Internal development team under the platform engineering division
In the context of platform engineering, internal development teams may have the following common situations these four aspects:
• Productization: Internal tools are particularly easy to customize in terms of demand control. After some time, they may evolve into customized products for certain individuals or small departments.
• Priority: Often receive or face high-priority demands from “a certain C-x boss.”
• Recognition: Due to being disconnected from the business, it is difficult to measure value. Over time, doubts about the recognition of output value may arise.
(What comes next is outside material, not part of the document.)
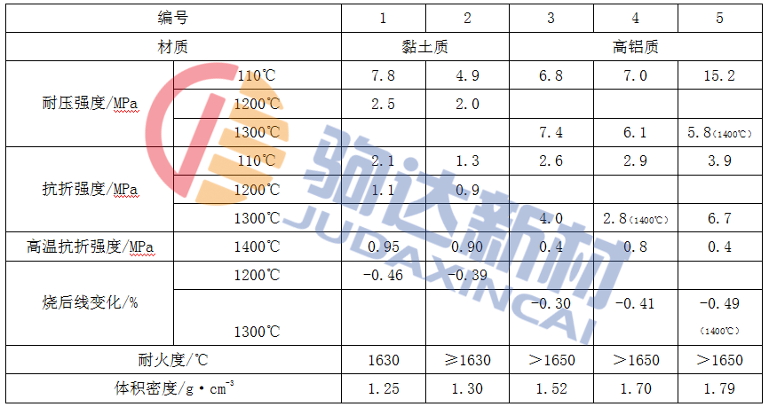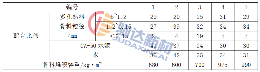 普通多孔熟料耐火澆注料分為黏土質(zhì)和高鋁質(zhì)兩種,體積密度為1.1~1.8g/cm3,使用溫度為1300℃和1400℃多孔熟料骨料的最大粒徑為5mm,一般用CA-50水泥配制,其配合比列于表1-1。同時,為了說明各編號材料的性能區(qū)別,也列出了多孔熟料骨料的堆積容重。按照多孔熟料耐火澆注料配合比的要求,首先稱量各種原材料后加水混練,振動或手工振動成型,自然養(yǎng)護1天拆模,然后繼續(xù)養(yǎng)護2d。在養(yǎng)護期間,不得淋水,因拌和水量大,足以滿足CA-50D水泥水化的需要。表1-2為普通多孔熟料澆注料的性能。表中編號與表1-1的對應(yīng)。

• Repetitive Construction: The problem of repetitive construction of internal tools and platforms is more serious.
I believe that internal platform teams should adhere to the following key points:
• Continuously collect user requirements and plan the long-term roadmap for the platform.
• Improve user manuals and best practices to enhance user experience.
• Maintain an open mindset and provide APIs.
- Continuously promote and operate the responsible platform (giving birth to a child and raising a child).
- In response to repetitive construction issues, strengthen cooperative construction efforts to avoid getting stuck in small-scale self-indulgent “personal/departmental tool” development.
The future of platform engineering
Currently, major companies such as Google, Spotify, Netflix, Walmart, and many others are actively promoting the implementation of platform engineering within their enterprises. In November, CNCF officially released the Capability Maturity Model for Platform Engineering, dividing it into four levels across five dimensions. The maturity model released by CNCF is relatively coarse-grained, mainly evaluating aspects such as team/personnel, platform applications, user experience, self-service, and platform iteration without detailed division on platform functionality dimensions.
Gartner predicts that by 2026, 80% of software engineering organizations will establish platform teams, with 75% including developer self-service portals. These platform teams will be established as internal providers of reusable services, components, and tools for application delivery.
It is evident that platform engineering is not just a trend; it is the future of software delivery.